The government's food watchdog is pushing for a ban on TV commercials advertising junk food before the 9pm watershed.
The consultation will end on 30 June
The Food Standards Agency (FSA) says proposals drawn up by media regulator Ofcom to reduce the effect of junk food ads on children do not go far enough.
The three sets of options stop short of a pre-watershed ban.
But the FSA says banning such ads for products like crisps and fizzy drinks would help protect children's health.
It is estimated that 14% of children in England are clinically obese.
Earlier this year, Ofcom proposed tighter restrictions on the timing and content of junk food commercials as part of a consultation.
One option was to ban the ads in commercial breaks in programmes for pre-school children.
Another was to ban or restrict them in programmes for the under-10s.
At a meeting in Bristol on Thursday, the FSA rejected all Ofcom's options.
It argues a ban on junk food commercials before 9pm would extend protection to older age groups.
The British Heart Foundation (BHF) said it was "delighted" that the FSA was pressing Ofcom for a pre-watershed ban.
It claims more than two-thirds of parents would support such a move.
Campaigns officer Josh Bayly said: "The obesity problem in this country has got to such a serious state now that any action we can take we really must take.
"Around 80%-90% of television advertising is junk food advertising - food that is high in fat, sugar and salt.

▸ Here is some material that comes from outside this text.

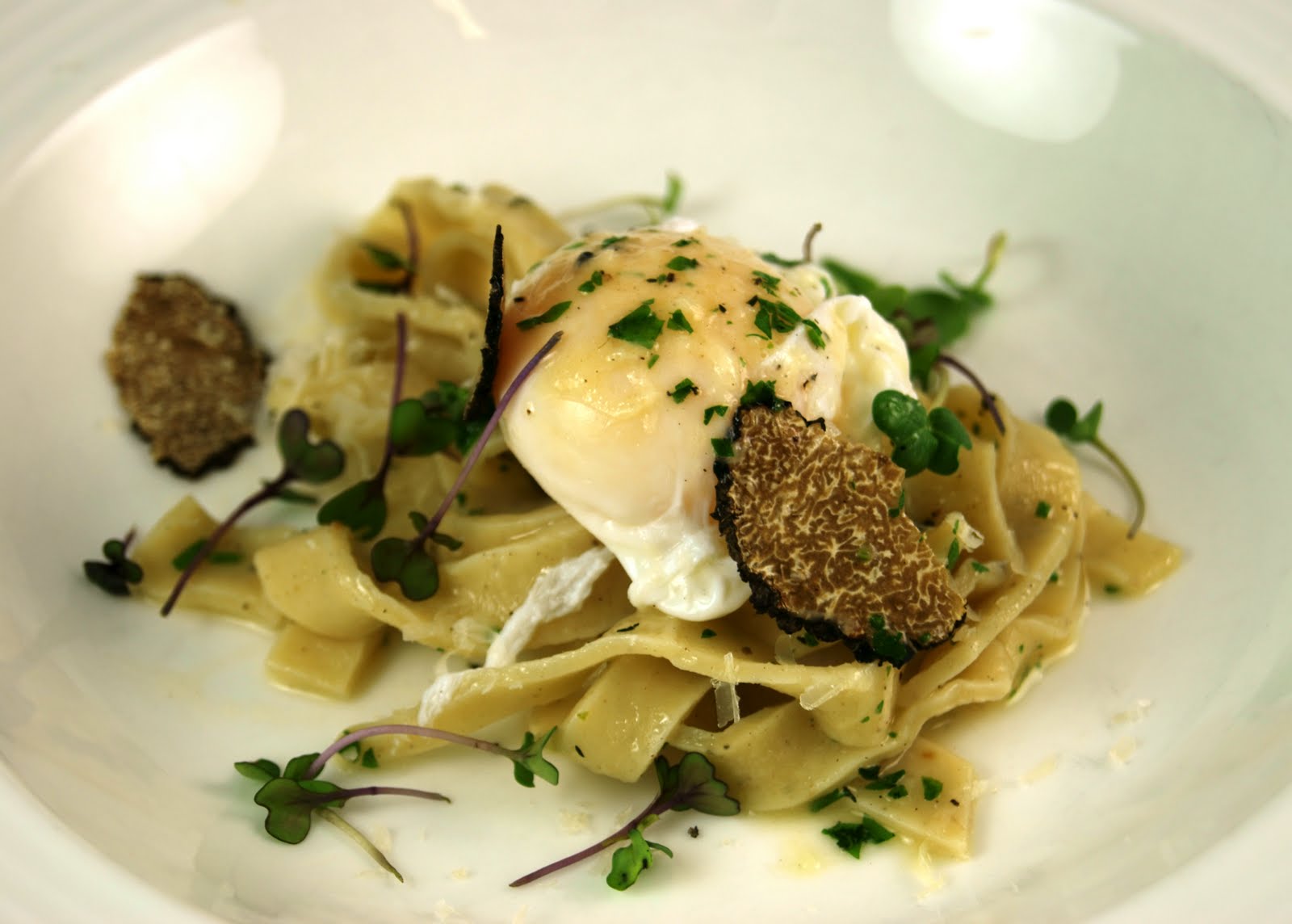 This dish is Truffled Fettuccini Carbonara. Carbonara is a classic Italian dish with its names origin (corbone) meaning “coal”. This simple coal miners dish is traditionally made with spaghetti or fettuccini and is always accompanied by egg, black pepper and pecorino cheese. Variations include peas or other vegetables, mushrooms, and pork.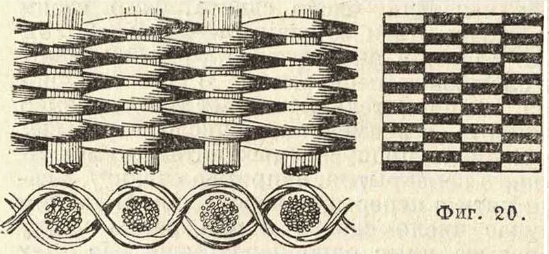 пенью и достижением техники переплетений и ткацкого производства, с помощью которых представляется возможность выполнять ткани, начиная с простого узора (фигура 39) и кончая художественными произведениями в виде портретов, тканых картин на различные сюжеты, тканых обоев и др., см. ирование.

"With children watching over 20 hours of television a week now it is a very, very considerable influence over their food choices."
Sue Davies, chief policy adviser to the consumer magazine Which? also backed the FSA position.
She said: "We hope that Ofcom can now accept that its approach is completely flawed and put children's health first."
However, broadcasters said such a ban could cost them £140m in lost advertising revenue.
The deadline for responses to the consultation is 30 June.
Last month, it emerged that the National Heart Forum was preparing an application for a judicial review over the consultation.
The heart charity said it was unlawful and unfair to exclude the possibility of a pre-watershed ban.